Europäische Führungskräfte eilen erneut, steigende Ölpreise abzuwenden, da saudische Fracht verzögert oder storniert wird, im Zuge einer weiteren Eskalation des Konflikts im Nahen Osten, was Befürchtungen schürt, dass die Preise an den Zapfsäulen in vielen Hauptstädten in die Höhe schnellen könnten.

Der jüngste Schock kommt aus Saudi-Arabien, wo Angriffe der Houthis und irakisch unterstützter Milizen, die dem Iran nahestehen, zu einer vorübergehenden Schließung der 1.200 Kilometer langen Ost-West-Ölpipeline geführt haben – eine entscheidende Route, die entwickelt wurde, um die Hormusstraße zu umgehen.

Die Störung bedroht bis zu 4% der globalen Ölversorgung, falls sie bestehen bleibt, nachdem die saudische Rohölproduktion im August stark gefallen war und das niedrigste Niveau seit mehr als drei Jahrzehnten erreicht hat. Unterdessen wurde Brent-Öl am Markt zuletzt über 113 USD pro Barrel gehandelt, bedingt durch zunehmende Versorgungsrisiken.

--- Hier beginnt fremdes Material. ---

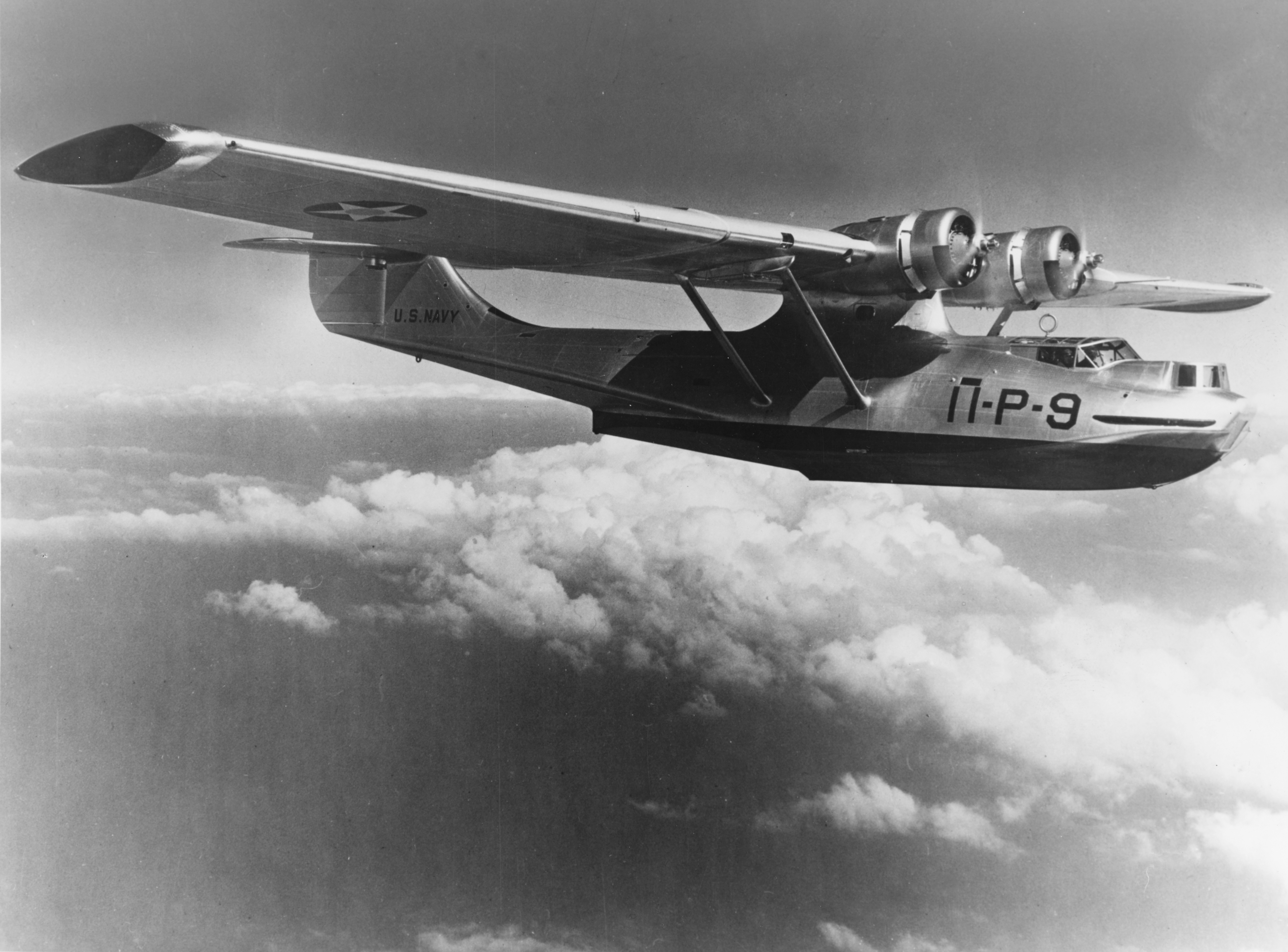 A U.S. Navy Consolidated PBY-1 Catalina of Patrol Squadron 11 (VP-11) in flight before October 1938.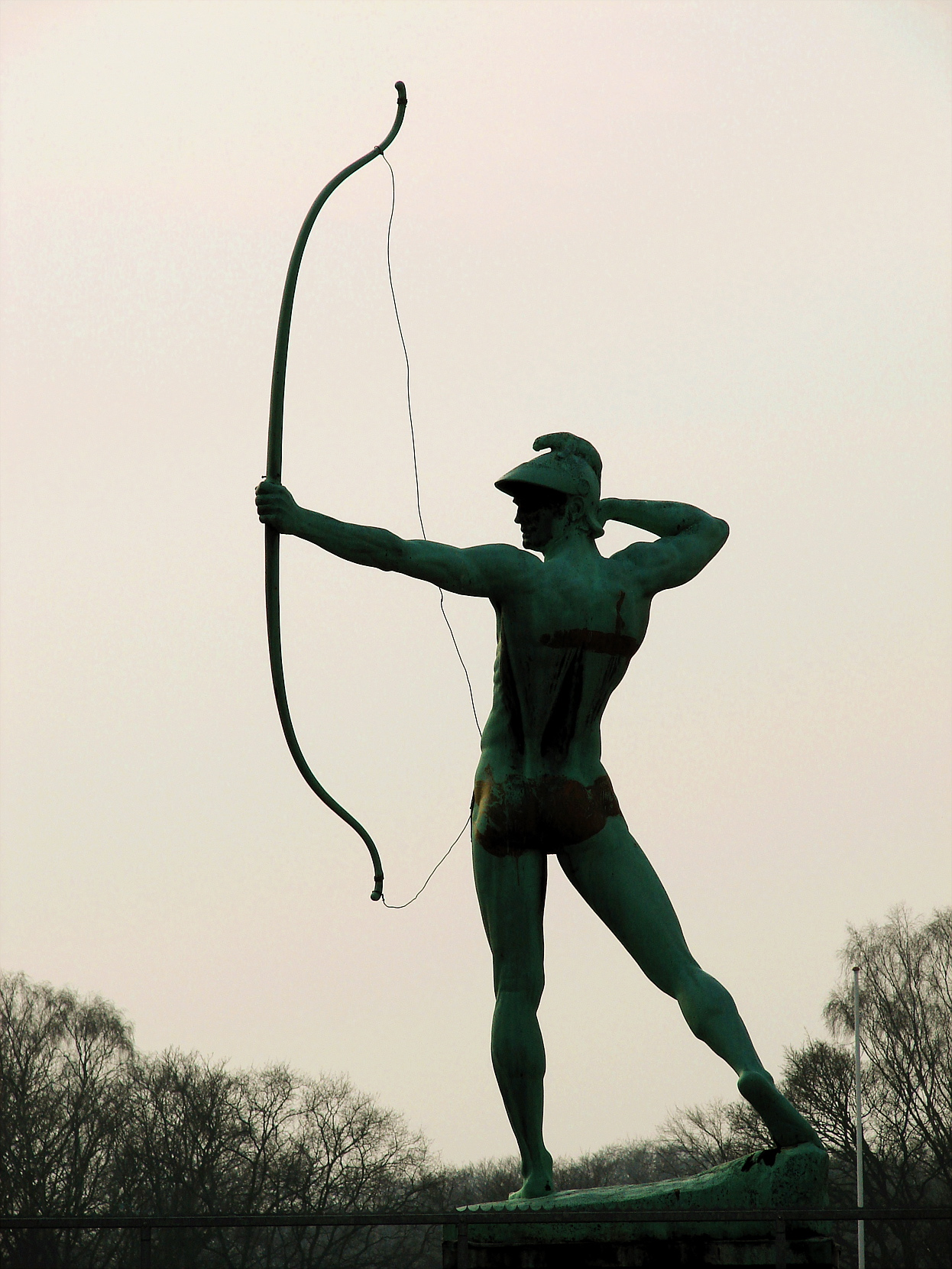 In connection with the construction of Idrætshuset in 1912, brewer Carl Jacobsen bought this copy of the bronze statue of an archer by Ernst Moritz Geyger originally cast in 1895 for the Sanssouci Park (Potsdam), and in 1913 it was installed at Østerbro Stadium in Copenhagen in axis against Østerbrogade.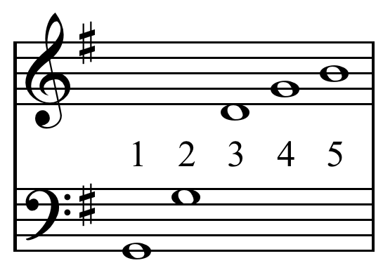 Harmonic series on G, partials 1-5 numbered.

Für Frankreich und Italien, die 2027 wichtige Wahlen abhalten werden, sind hohe Energiepreise ein zentrales innenpolitisches Thema, da Wähler darauf vorbereitet sind, Regierungen hinsichtlich ihrer Kaufkraft zu bewerten.

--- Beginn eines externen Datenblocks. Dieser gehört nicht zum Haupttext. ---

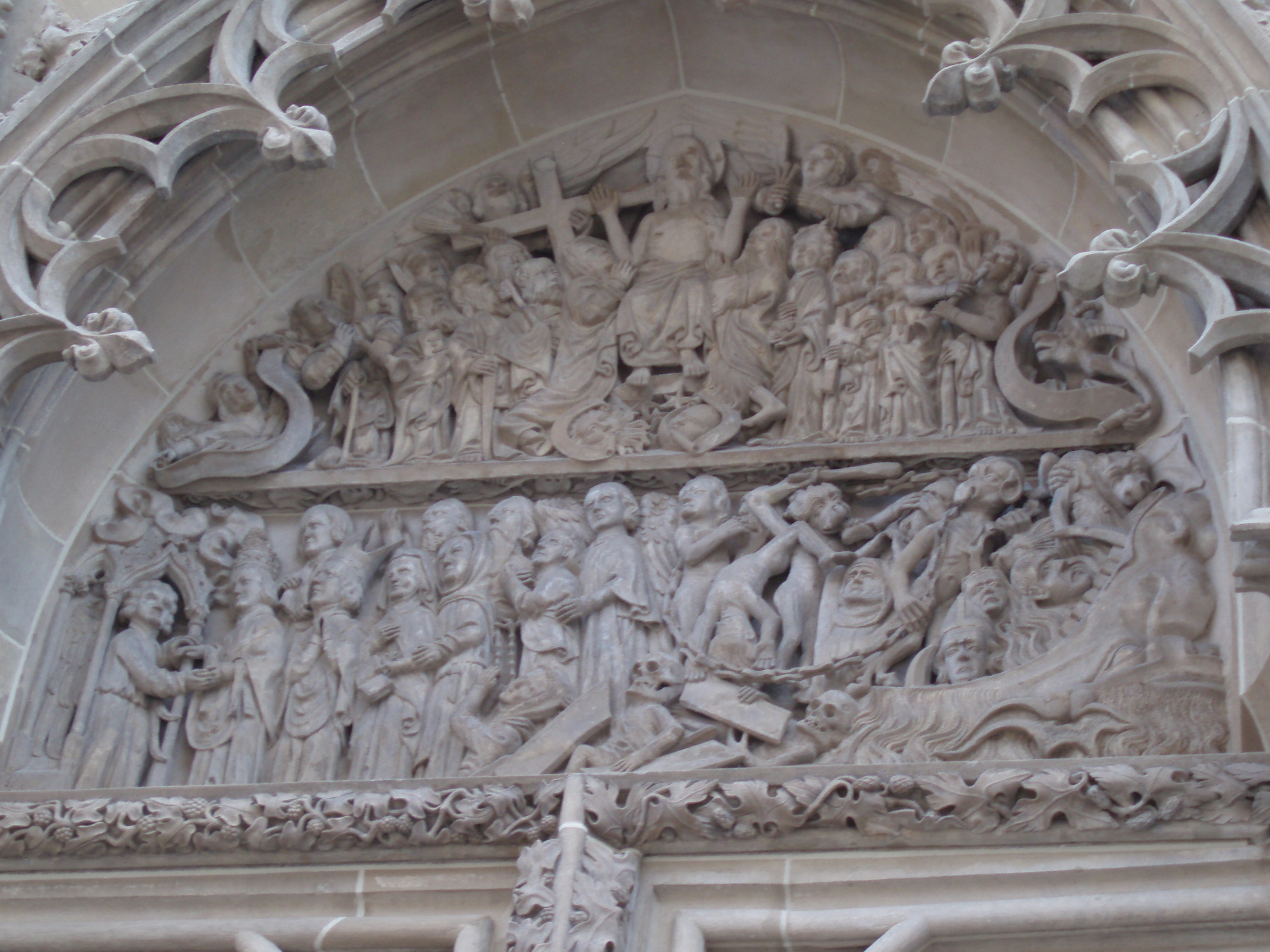 Northern portal of St.Elisabeth Cathedral Košice. Scene The Last Judgment.

Die steigenden Energiekosten und Treibstoffpreise in Frankreich nähren bereits die Verbrauchersorgen, wobei die Inflation im August 2,7% erreichte und Energie zu den Haupttreibern zählt. Italien sieht sich einem ähnlichen Problem gegenüber, da die Inflation im August auf 3,3% anstieg und stark von Energie getrieben wird, während Benzin- und Dieselpreise deutlich gestiegen sind.

Französische Diplomatie

Am Mittwochabend befahl der französische Präsident Emmanuel Macron eine „Mobilisierung“, um die Kraftstoffpreise in den Griff zu bekommen, während er sagte, Frankreich arbeite daran, die Öllieferungen zu sichern und den Druck auf Autofahrer zu verringern.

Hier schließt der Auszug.